MEPAS integrates and evaluates transport and exposure pathways for chemical and radioactive releases according to their potential human health impacts (multimedia in this context refers to multiple environmental transport media). MEPAS takes the nontraditional approach of combining all major exposure pathways into a multimedia computational tool for public health impact. MEPAS is a physics-based approach that couples contaminant release, migration and fate for environmental media (groundwater, surface water, air) with exposure routes (inhalation, ingestion, dermal contact, external dose) and risk/health consequences for radiological and non-radiological carcinogens and non-carcinogens.
http://www.epa.gov/asmdnerl/models3/

MMSOILS - The Multimedia Contaminant Fate, Transport, and Exposure Model:
MMSOILS estimates the human exposure and health risk associated with releases of contamination from hazardous waste sites. The methodology consists of a multimedia model that addresses the transport of a chemical in groundwater, surface water, soil erosion, the atmosphere, and accumulation in the food chain. The human exposure pathways considered in the methodology include: soil ingestion, air inhalation of volatiles and particulates, dermal contact, ingestion of drinking water, consumption of fish, consumption of plants grown in contaminated soil, and consumption of animals grazing on contaminated pasture. For multimedia exposures, the methodology provides estimates of human exposure through individual pathways and combined exposure through all pathways considered. The risk associated with the total exposure dose is calculated based on chemical-specific toxicity data.
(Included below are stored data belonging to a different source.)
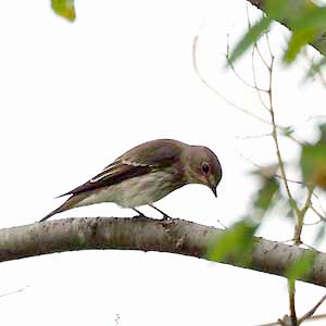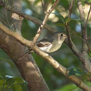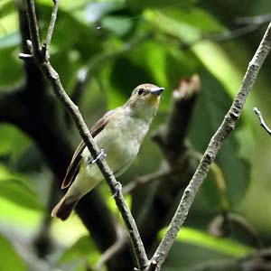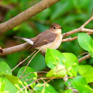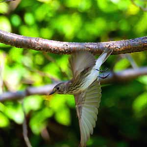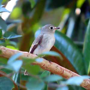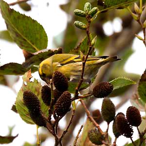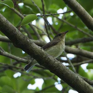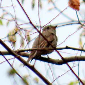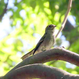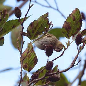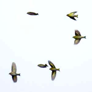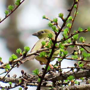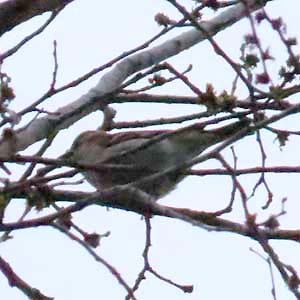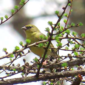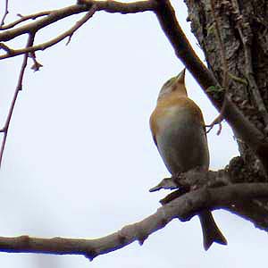 昨日は偶然アオバトに会えたので、やはり今日も緑地の小鳥の森へ行ってみた。昨日は大阪城でオオルリが出たそうなので、或いは小鳥の森でも出てるかも・・と期待したが、残念ながらいつも通りのものばかり。ふと樹々の間に小鳥が群れているのに気が付いて双眼鏡で見ると、小鳥より少し大きいアトリの群れだった。和他紙的には今冬初めて会うので、これは撮っておきたかったが、残念ながらひどい枝被りで、しかもお腹側ばかりできれいなアトリの羽模様が撮れなかった。 | |
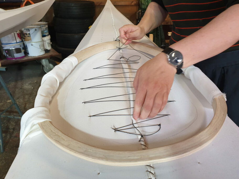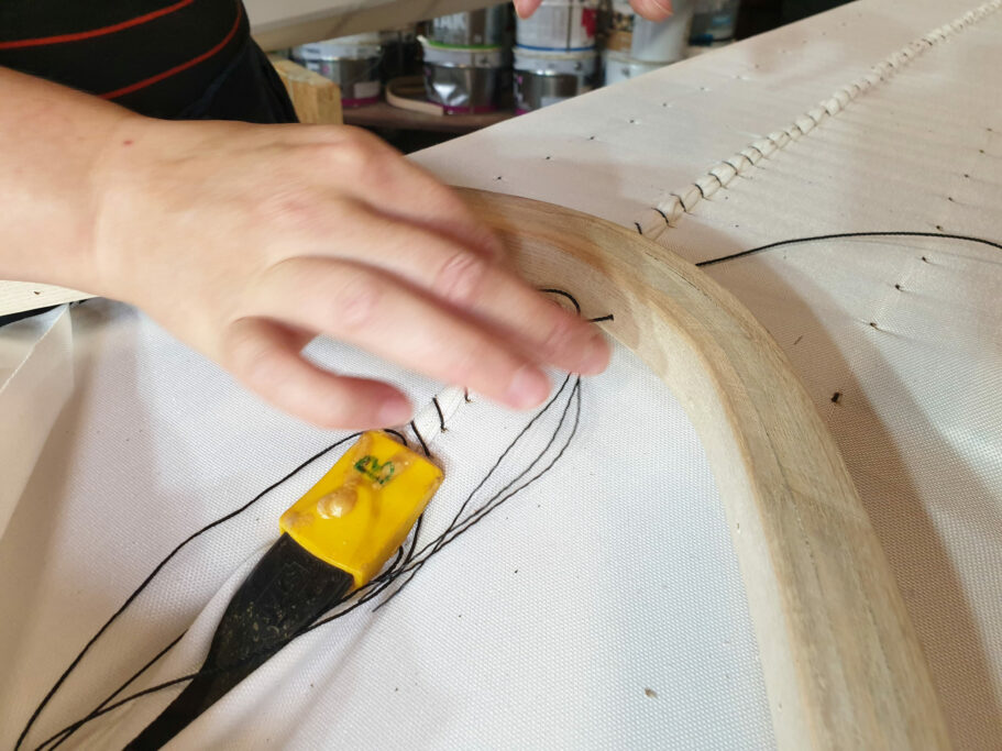 - We sew a couple of stitches at the front middle to keep the coaming dead center
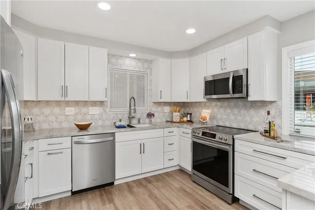 Welcome to 1837 N Studebaker Road, Long Beach – a beautifully remodeled, truly move-in-ready home with outstanding curb appeal. From the moment you arrive, you’ll appreciate the manicured landscaping, inviting tiled front porch, and elegant leaded glass front door with electronic keypad entry. Inside, the welcoming entry hall opens to a spacious living room highlighted by a classic brick fireplace and sliding glass doors that lead to a private backyard retreat. The brand-new gourmet kitchen is a true focal point, featuring premium Master Brand Diamond cabinetry with under-cabinet LED lighting, Quartzite Taj Mahal countertops, and a custom marble mosaic backsplash. A high-end Kraus Turino 33” fireclay workstation sink with cutting board and drying rack, paired with a Kohler Pro faucet, delivers both beauty and functionality. Top-of-the-line Frigidaire Gallery stainless steel appliances and an extra-large capacity Whirlpool dishwasher complete this impressive space. The kitchen flows seamlessly into the dining area, where a large picture window captures views of the lush front yard. The primary bedroom offers a peaceful escape with direct access to a private patio, ideal for relaxing. The spa-inspired en-suite bathroom has been fully remodeled with a dual-sink vanity, granite countertops, and a custom walk-in shower with frameless glass enclosure. Remodeled hall bathroom with granite countertops, a custom-tiled tub/shower & a frameless shower door. Two additional nicely sized bedrooms provide flexible options for family, guests, or a home office. Additional highlights include luxury vinyl plank flooring, dual-pane windows and sliding doors, recessed lighting, central heating and air conditioning, upgraded plumbing, a Ring Pro doorbell and alarm system, and a new Owens Corning roof (2024). The serene backyard is perfect for outdoor enjoyment, offering a patio, vinyl fencing, mature landscaping, and a convenient storage shed. The oversized two-car garage features a dedicated laundry area complete with a new stainless steel utility sink and durable rubber flooring at the laundry and garage entry/exit. Ideally located near highly regarded Tincher Preparatory School and Sato Academy of Math & Science, parks, shopping, and everyday conveniences, this exceptional home offers the perfect blend of comfort, quality, and location. Don’t miss the opportunity to make this beautifully upgraded home your own. Please refer to supplements for the full list of amenities.
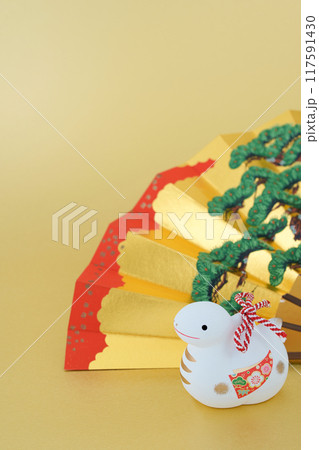 巳年 年賀素材 白巳と飾り扇子 金色バック
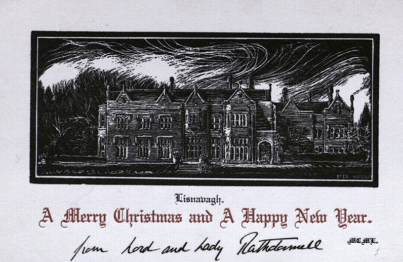 With that thought in mind, I was curious about Christmas time at the ancestral home of the McClintock family in County Carlow, at the Lisnavagh House, home of the Baron Rathdonnell.
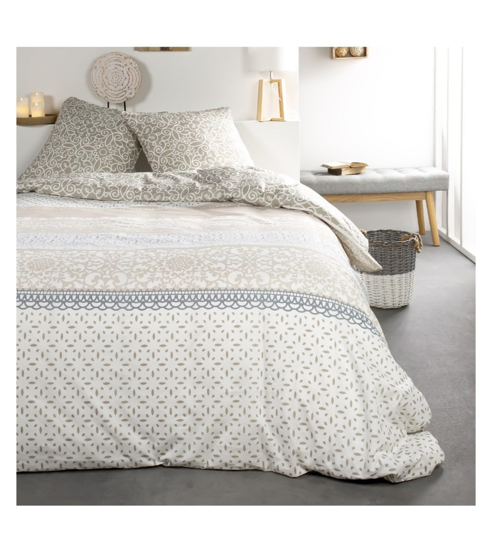 Parure de lit 2 personnes imprimé floral en Coton Beige 220x240 cm
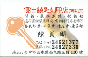 汽機車開鎖,電動鐵捲門,CISA名鎖,以色列大力士鎖,各種門鎖,感應卡感應扣,遙控器安裝拷貝,晶片鎖匙,汽車開鎖,機車開鎖,開運印章,肚臍章/胎毛筆,手工印章,象牙印章,印章圖案設計,公司章,電腦刻印,藝術印章,橡皮章,牛角印章,印鑑章,原子章
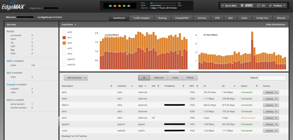 Come ho spiegato qui, l’idea è stata quella di far funzionare due connessioni insieme in modalità load balancing e fail over, due termini tecnici che in pratica definiscono il bilanciamento del traffico della rete casalinga tra una connessione e l’altra (50:50) attraverso il router (load balancing) e lo spostamento di tutto il traffico verso una connessione nel caso in cui l’altra non sia funzionante (fail over).
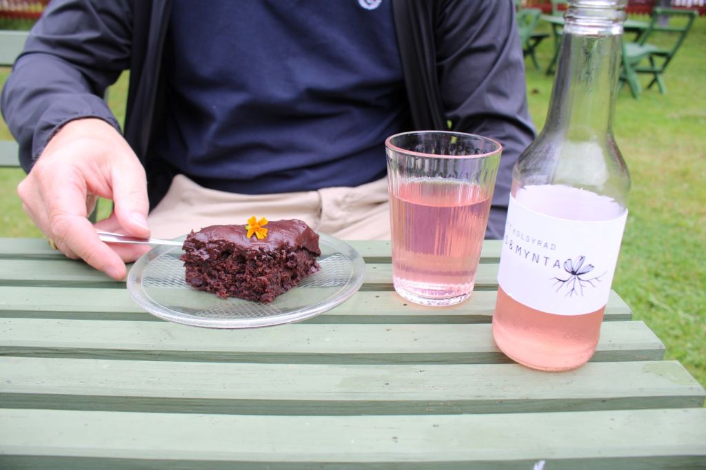 Vi njöt av smaskig chokladkaka med squash och den godaste läsk jag smakat (lokalproducerad ros- och myntalemonad) i den vackra trädgården,
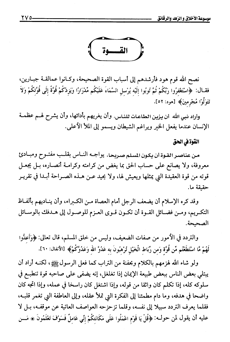 وقد كره الإسلام أن يضعف الرجل أمام العصاة من الكبراء، وأن يناديهم بألفاظ التكريم، ومن فضائل القوة أن تكون قوى العزم للوصول إلى هدفك بالوسائل الصحيحة.
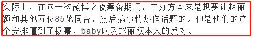 原因正是上图中微博之夜的活动上,本来赵丽颖被安排和杨幂倪妮一起坐,但到了上台领奖的环节,却独独缺了赵丽颖的身影。
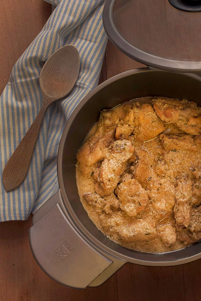 Batem els rovells d"ou amb la nata (crema de leche), les afegim a la cassola, rectifiquem de sal i ho deixem coure uns deu minuts més, fins que el pollastre quedi ben tendre i es formi una salsita espessa.
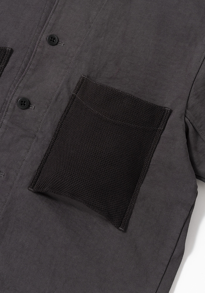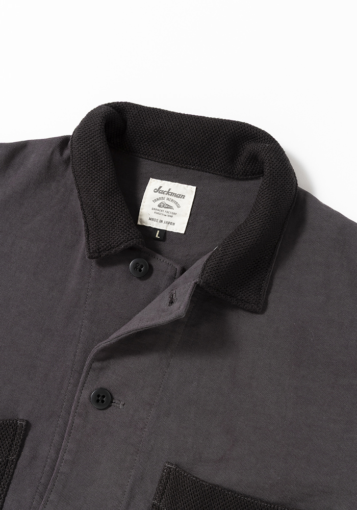 自動制御が効ないアナログな機械「吊り編み機」。シンカー編み機に比べて手間がかかり編み機の台数も限られていますが永く着用できる素材を開発する上で「均一に度目を詰める」必要があったため現在でも変わらず吊り編み機を使用して編み立てています。アメリカ産の綿を使用して編み立てたドツメ天竺は約11.5オンス。均等に度目が詰まっているため着用と洗濯を繰り返しても歪みや型崩れが起きにくい特徴があり、生地に硬さとハリ感があるため着用時も肌離れが良く快適です。そしてこの極厚生地を縫製する自社工場の技術で様々なドツメ天竺のアイテムをリリースしています。このBaseballシャツはまだ襟が付いていた1900年初頭のBaseballユニフォームを参考にカラーごとに異なる素材を衿とポケットに使用。3色とも異なった表情にしました。New color_101 Navy,177 Ink Black,444 Apple Green
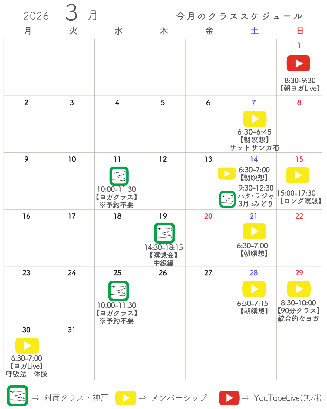 ・3/30(月)朝6:30-7:00 30分のヨガ・プラクティス(呼吸法+体操)
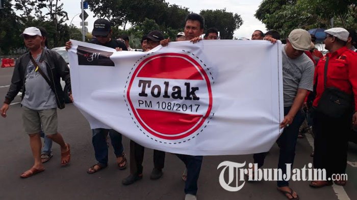 Mereka melakukan aksi menggugat terkait pemerintah yang menerapkan PM 108 tahun 2017, dan Pergub No 188/375/KPTS/103/2017.
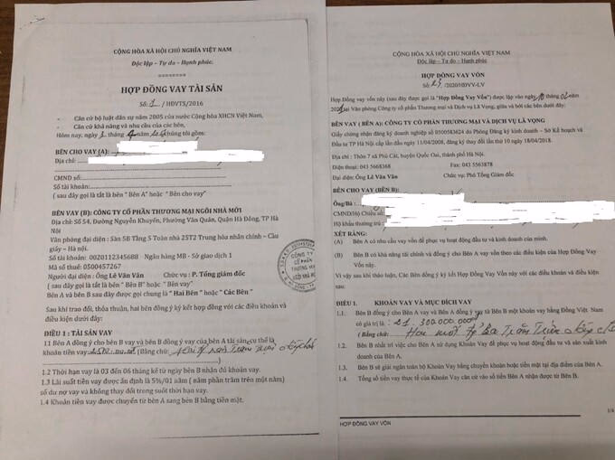 Với các thông tin ông Vân đưa ra, ông Trần Anh Tuấn cùng nhiều người đã tin tưởng “rót tiền” cho ông Vân thông qua các hình thức như hợp đồng vay vốn, hợp đồng vay tài sản, cam kết,… Với những hồ sơ ông Tuấn cung cấp là những hợp đồng giữa những cá nhân với đại diện Công ty CP Thương mại Ngôi Nhà Mới Công ty CP Thương mại và Dịch vụ Lã Vọng là ông Lê Văn Vân, Phó Tổng Giám đốc.
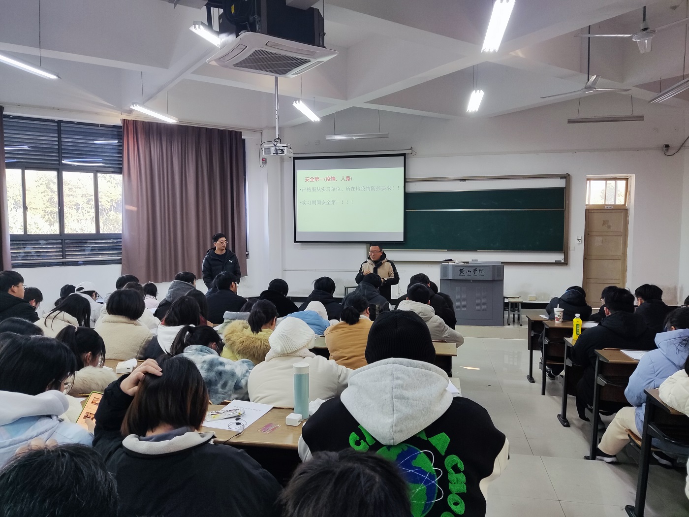 最后,徐良玉提醒全体同学做好离校台账、离校安全承诺书、钉钉离黄申请等离校手续;并对就业选择、三方协议、网签等就业事宜作了介绍。
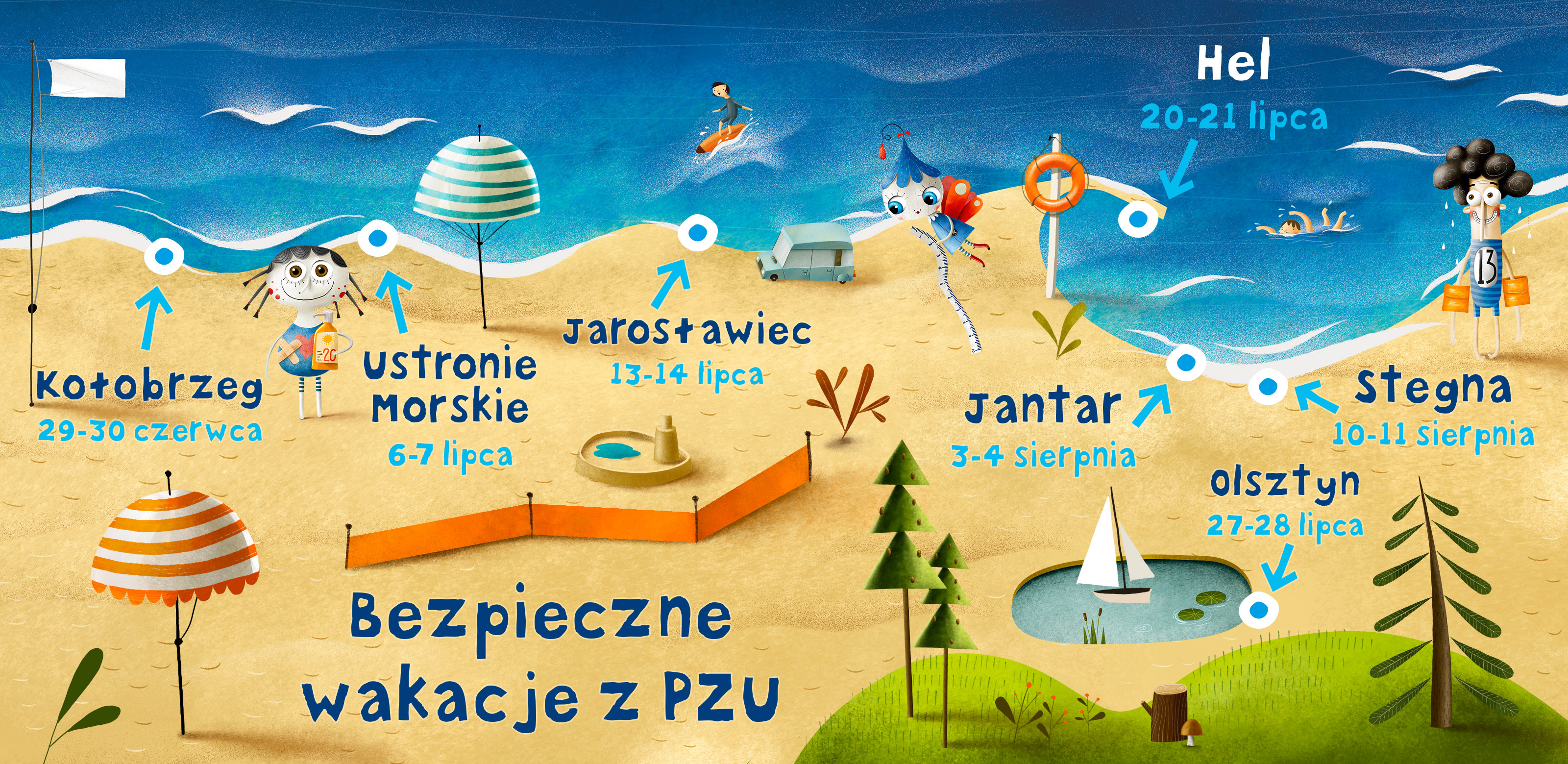 PZU razem ze Słoneczną Stacją Polsatu będą uczyć dzieci i rodziców, jak bezpiecznie zachowywać się w różnych sytuacjach i jak przeciwdziałać zagrożeniom podczas wakacji. W ramach akcji „Bezpieczne wakacje z PZU” w sześciu nadmorskich miejscowościach oraz na Warmii zostaną zorganizowane specjalne wydarzenia. Inauguracja cyklu rozpocznie się 29 czerwca w Kołobrzegu a zakończy w drugi weekend sierpnia w Stegnie.

The methodology is intended for use as a screening tool. It is critical that the results are interpreted in the appropriate framework. The intended use of the exposure assessment tool is for screening and relative comparison of different waste sites, remediation activities, and hazard evaluation. The methodology can be used to provide an estimate of health risks for a specific site. Since the uncertainty of the estimated risk may be quite large (depending on the site characteristics and available data), MMSOILS addresses these uncertainties via Monte-Carlo analysis.

Models-3/CMAQ - Models-3 and Community Multi-scale Air Quality:
CMAQ modeling system represent the air component to EPA’s MIMS framework. The Models-3 release contains three types of environmental modeling systems meteorological, emission, and chemistry transport. It also includes a visualization and analysis system.
http://www.epa.gov/asmdnerl/models3/index.html

OBODM - Open Burn/Open Detonation Model:
OBODM is intended for use in evaluating the potential air quality impacts of the open burning and detonation (OB/OD) of obsolete munitions and solid propellants. OBODM uses cloud/plume rise dispersion, and deposition algorithms taken from existing models for instantaneous and quasi-continuous sources to predict the downwind transport and dispersion of pollutants released by OB/OD operations.

pNEM:
pNEM is an EPA exposure model for particulate matter, adapted and further developed at UBC for use in Canada to estimate population exposure to particulate matter.
http://hajek.stat.ubc.ca/projects/pnem.html

PRESTO - Prediction of Radiological Effects Due to Shallow Trench Operations:
PRESTO is a computer model for evaluating radiation exposure from contaminated soil layers, including waste disposal, soil cleanup, agricultural land application, and land reclamation. The models in PRESTO are designed to calculate the maximum annual committed effective dose to a critical population group and cumulative fatal health effects and genetic effects to the general population in several scenarios:

    1. near surface disposal trench containing low-level radioactive waste and/or naturally occurring or accelerator produced radioactive material (NARM)
    2. residual radionuclides remaining in soil layers after cleanup
    3. agricultural land application of technologically enhanced naturally occurring radioactive materials (TENORM) waste
    4. stripped land reclamation with applied TENORM waste

The models simulate the transport of radionuclides in air, surface water, and groundwater pathways, and evaluate exposures through ingestion, inhalation, immersion and external exposure pathways.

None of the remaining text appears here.